■ **Aim of the exercise**
Skip all pictures; return exactly the lines from the one containing "Кабмин, ВР комитеты" through the end of the data.

■ **Dataset content**
**********
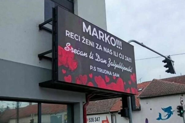 На аголот од улиците Змај Јовина и Скадарска осамна билборд со порака што предизвика бројни реакции. Со илустрации од црвени срца, на големиот екран стоеше натпис упатен до извесен Марко, во кој од него се бара да ѝ признае на сопругата наводна врска, со дополнување дека испраќачката на пораката – е бремена.
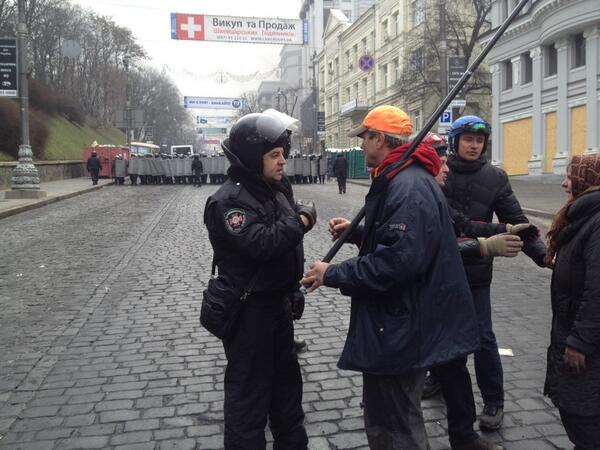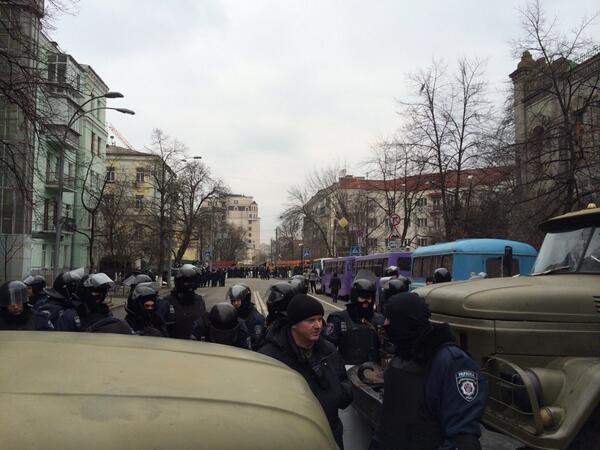 Кабмин, ВР комитеты и гостиница Киев эвакуировали. Со стороны Арсенальной на Грушевского идет Беркут и люди с палками. Много!
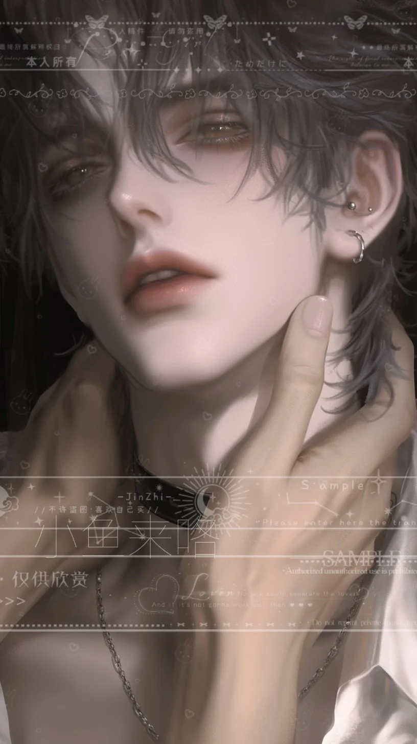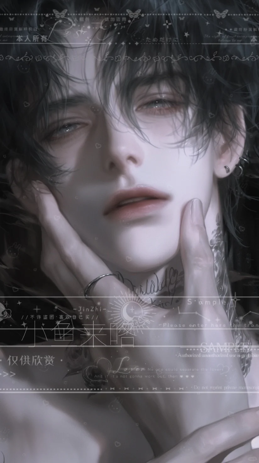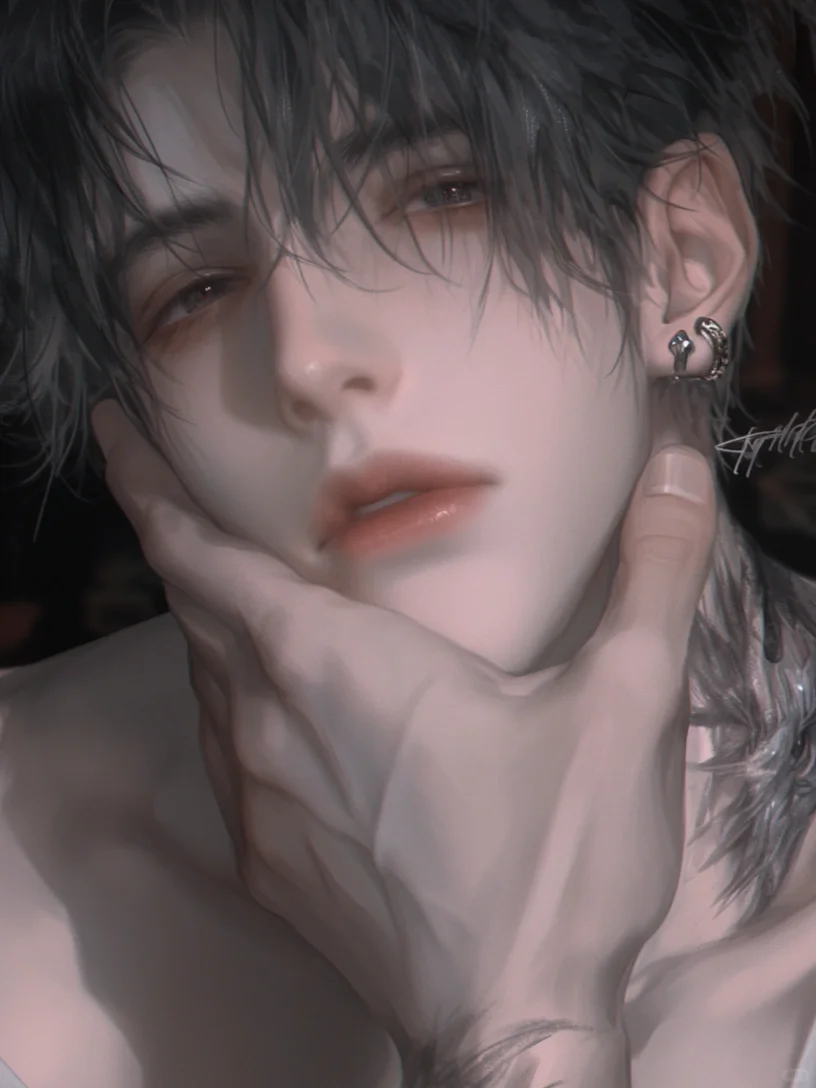 ② A photorealistic anime-style portrait of a man with black hair, pale skin, and silver eyes gently touching his face. He has a neck tattoo, creating a romantic vibe.
**********
■ **Response to the task**
 Кабмин, ВР комитеты и гостиница Киев эвакуировали. Со стороны Арсенальной на Грушевского идет Беркут и люди с палками. Много!
 ② A photorealistic anime-style portrait of a man with black hair, pale skin, and silver eyes gently touching his face. He has a neck tattoo, creating a romantic vibe.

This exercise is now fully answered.